The company’s customer base also includes restaurant and hospitality groups such as Black Sheep Coffee, Jamie Oliver Group and Azzurri. Those references support Nory’s positioning as a platform for growing operators and multi-unit restaurant businesses, not only single-location independents. The strongest fit appears to be brands that need greater consistency across locations and more direct control over the relationship between labor, inventory and profitability.

Nory’s growth story adds another current hook. In 2025, the company raised $37 million in Series B funding led by Kinnevik, with participation from Accel, Base10, Triple Point and Samaipata. The company said the funding would support additional AI development, expansion of its AI assistants and growth in the U.S. market. That timing matters because U.S. restaurant groups are increasingly evaluating AI based on whether it can improve margins rather than simply create novelty.

The competitive landscape includes workforce management platforms, inventory systems, restaurant BI tools, scheduling applications, back-office software, POS-native analytics and enterprise resource planning systems adapted for hospitality. Nory differentiates itself by positioning those functions around one operating model: forecast the business, translate the forecast into labor and ordering decisions, monitor performance in real time and use AI assistants to reduce the manual work required to keep locations on target.

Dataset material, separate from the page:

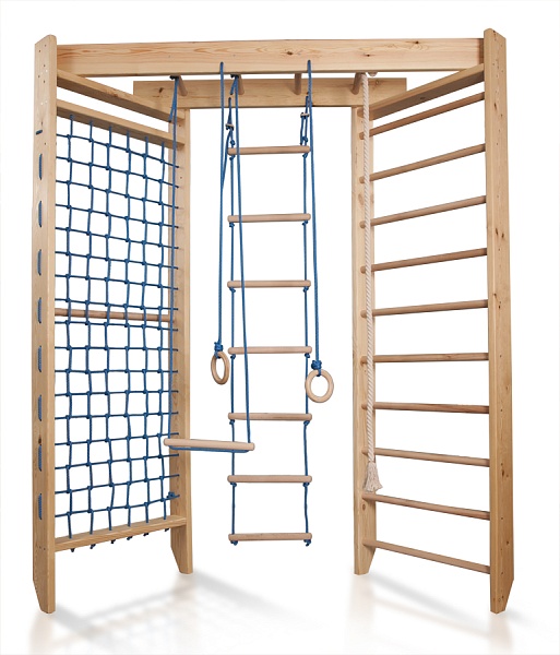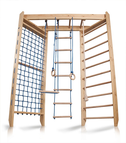 Спортивная стенка для детей «Sport 4-240» - модель, дающая возможность обустроить полноценный, хоть и небольшой спортивный зал даже в довольно маленькой квартире. Такая стенка обязательно станет любимым местом для игр Вашего ребёнка и его друзей, позволяя им развивать гибкость, ловкость, силу и координацию движений, что, само собой, будет способствовать укреплению организма малыша и общему его оздоровлению. Выполнена данная стенка из прочного экологически безопасного материала, выдерживающего значительные нагрузки. Состоит модель из нескольких секций – гладиаторской сетки, шведской стенки, поперечных перекладин, гимнастических колец, каната и верёвочной лестницы.
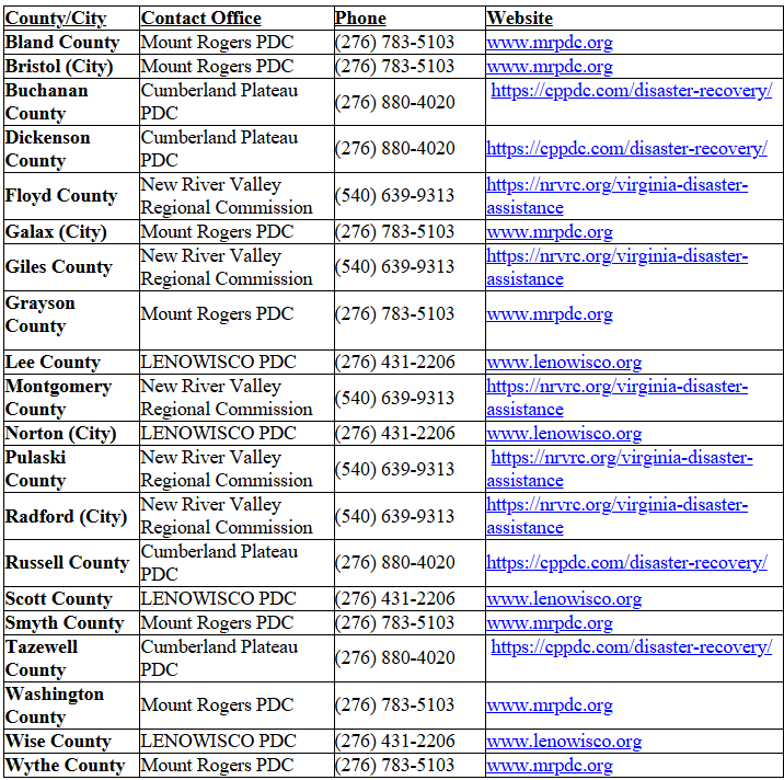 Eligible localities include Bland County, Buchanan County, Dickenson County, Floyd County, Giles County, Grayson County, Lee County, Montgomery County, Pulaski County, Russell County, Scott County, Smyth County, Tazewell County, Washington County, Wise County and Wythe County, as well as the cities of Bristol, Galax, Norton, and Radford. Funding is distributed through local governments and Planning District Commissions to ensure assistance reaches residents quickly and fairly.

That platform story reflects a broader shift in restaurant technology. Operators are moving from isolated tools toward systems that can connect decisions across the business. Labor planning affects service and profitability. Inventory affects menu availability, waste and gross margin. Payroll affects administrative burden and accuracy. Forecasting affects all of them. When those workflows operate separately, managers spend more time reconciling data and less time acting on it.

Nory’s bet is that AI can be most valuable when it is embedded inside those operating workflows. Rather than treating AI as a chatbot or an analytics layer, the company is applying it to recurring decisions that managers make every week and every day. That includes building schedules, flagging labor drift, forecasting item demand, recommending orders, surfacing waste patterns and keeping performance visible across locations.

The result is a restaurant management platform aimed squarely at profitability. Nory does not need to be the restaurant’s POS system or ordering channel to become operationally important. Its value sits in the connective tissue between revenue forecasts, staffing plans, inventory decisions, payroll and live P&L visibility. For operators trying to widen margins while scaling across locations, that connective layer can be critical.

As restaurants continue to face pressure from labor costs, food-cost volatility and unpredictable demand, the ability to act earlier and more consistently will matter. Nory’s agentic AI operating system gives restaurant groups a way to move from retrospective reporting toward more proactive control. By connecting forecasting, labor, inventory, payroll and business intelligence in one platform, Nory is helping restaurants turn operational data into better decisions and, ultimately, stronger profitability.